Even listening to music, or thinking about music, can have physical and psychological effects. Interestingly, when Fleming was in the MRI machine, the scans showed her brain was most active not while singing or talking, but while imagining she was singing.

Music may have medicinal powers, but don’t make assumptions to fit your hypothesis, cautioned NINDS program director Dr. Shai Silberberg. 

A particular intervention may benefit some study volunteers, but what if some participants are tone deaf or hard of hearing? Will the intervention be therapeutic if the subject is tasked with listening to opera but—gasp—(apologies to Fleming) despises that musical genre? 

A screenshot shows historical images of lutes, statues and drawings, with the heading: "music is good for you." Speaker Silberberg is seen above.
Music has long been thought to have healing powers. But don’t make assumptions to fit your hypothesis, cautions NINDS investigator Dr. Shai Silberberg, whose advice could apply to any clinical trial design.

In designing studies, beware of unintentional bias, said Silberberg. He cited a decades-old psychology study in which students were told certain rats were bred to be smarter.
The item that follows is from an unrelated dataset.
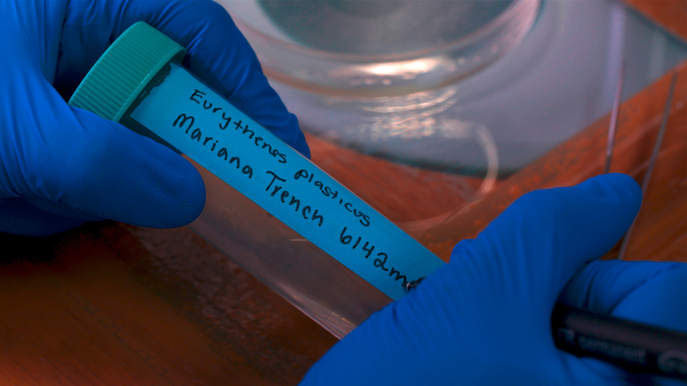 Cette nouvelle espèce d’amphipode a été prélevée entre 6 010 et 6 949 m de profondeur. Les chercheurs ont fait une analyse de microplastiques dans quatre juvéniles (crustacés lorsqu’ils sortent de l’œuf) d’Eurythenes Plasticus. Les trois individus prélevés à 6 865 m étaient exempts de fibres plastiques. En revanche, le juvénile d’une longueur corporelle de 15,6 mm et prélevé à 6 949 m, contenait une fibre sombre de 649,648 μm de long dans son intestin postérieur. L’analyse par spectroscopie infrarouge à transformée de Fourier a déterminé que cette fibre était similaire à 83,74 % au polyéthylène téréphtalate (PET). Ce polymère sert à fabriquer divers emballages et objets du quotidien en plastique, en particulier les bouteilles d’eau et de sodas, ainsi que les vêtements synthétiques en polyester.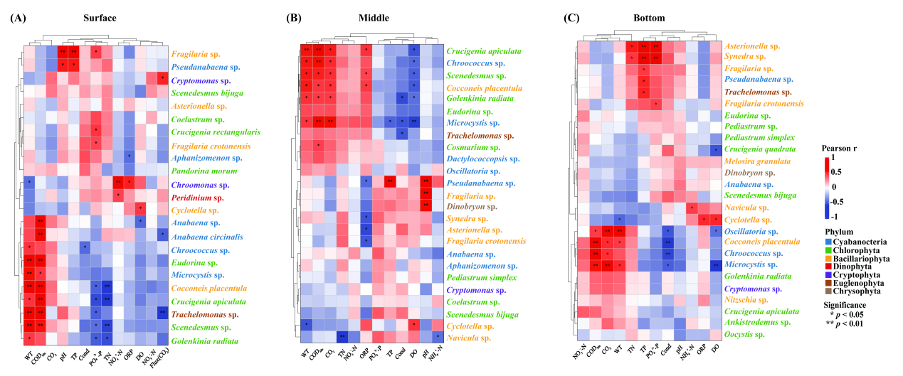 图 7. 浮游植物优势种丰度与环境参数之间的 Pearson 相关性热图。 展示了表层( A)、中层( B )、底层( C )不同藻类优势种与环境因子之间的相关性,颜色表示相关性强度,红色为正相关,蓝色为负相关,星号表示显著性水平( * p <0.05, ** p <0.01)。不同颜色字体代表不同藻类门类。

The students repeatedly found those rats to be fastest at their task; but there were no trained rats.

“There was expectation bias on the side of the students,” he said. “They expected the bright rats to learn faster, so that’s what they found.”   

Silberberg said his toolkit would include a mirror, a balance, blindfolds, dice and a statistician. The mirror is to reflect on unconscious biases; the balance represents taking measures to minimize their impact. Blinding all participants in a clinical trial can prevent expectation bias, he said. Randomizing participants among the groups can increase the chance that comparison groups are balanced. But be careful how you roll the dice.

In a pilot study on music therapy to enhance mobility for Parkinson’s patients, investigators randomized the participants. The test group was exposed to specific life activities and received multiple music sessions per week, while the control group did not participate in the music or activities. Was the music itself beneficial and restorative? The study was inconclusive.

“We should do our best to adjust the groups to be equal except for the one intervention being tested and, importantly, try to use objective, reliable outcomes,” advised Silberberg. 

Aim for transparent data, he added, and large effects that make the research worth pursuing and may attract broader support.